Solvency II raises barriers for US reinsurers to underwrite risk in Europe

Some US reinsurers could be in for a nasty surprise in the upcoming renewals as they discover unexpected barriers that could prevent them writing business in Europe because of rule changes that have been introduced by European countries in conjunction with the implementation of Solvency II.

The situation could lead to a migration of business to Solvency II-equivalent jurisdictions and, potentially, retaliation measures, according to some commentators.

Solvency II is the legislative programme implemented by EU member states this year.
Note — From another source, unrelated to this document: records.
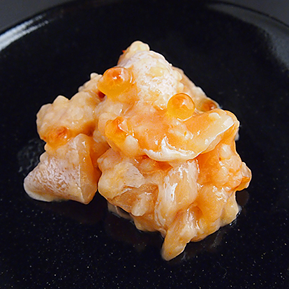 鮭サーモン類で新しい珍味も販売しています。塩麹に漬けたサーモンの塩辛です。ご飯がすすむ最強の珍味です。
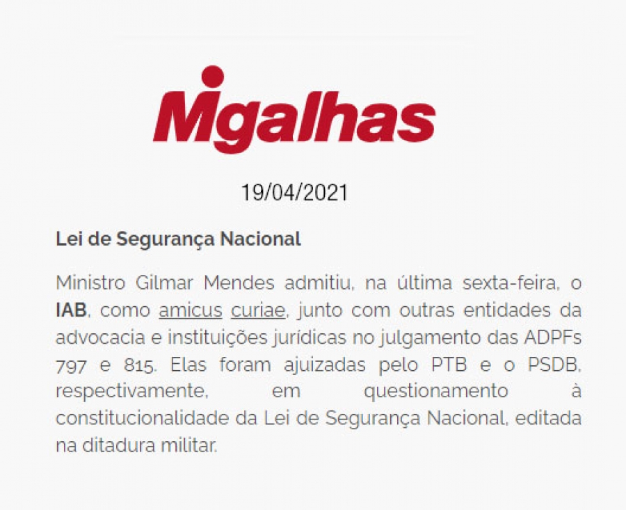 FONTE: Migalhas - 19/04/2021
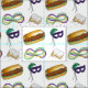 New Orleans LA NOLA Mardi Gras Beads Food Mask Fabric
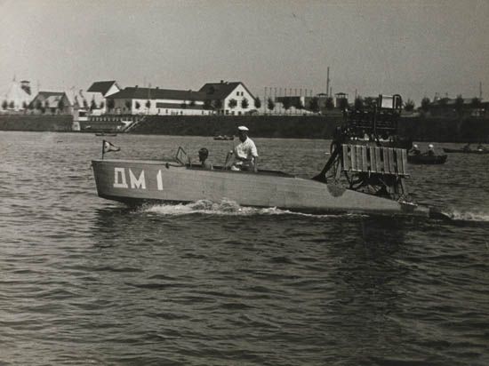 | 'Dynamo' Water Stadium, Motor Boat 'DM-1' Built by Students in the Wood and Metal Factory of Vkhutein | |

It has introduced a new, harmonised, EU-wide insurance regulatory regime, replacing 14 EU insurance directives.

When regulators of many European countries changed their own regimes to give Solvency II precedent, they also—sometimes inadvertently—made things much harder for reinsurers based in non-Solvency II-compliant countries to do business there, according to Brad Kading, president of the Association of Bermuda Insurers and Reinsurers (ABIR).

“The dialogue between authorities in the EU and the US may help getting to a situation where the EU is comfortable with the US and vice versa.” James Smith, EY

Germany, Poland and the Netherlands are just three countries where specific rules are now in place that make it very difficult for reinsurers outside Solvency II to trade with insurers in those countries, he notes.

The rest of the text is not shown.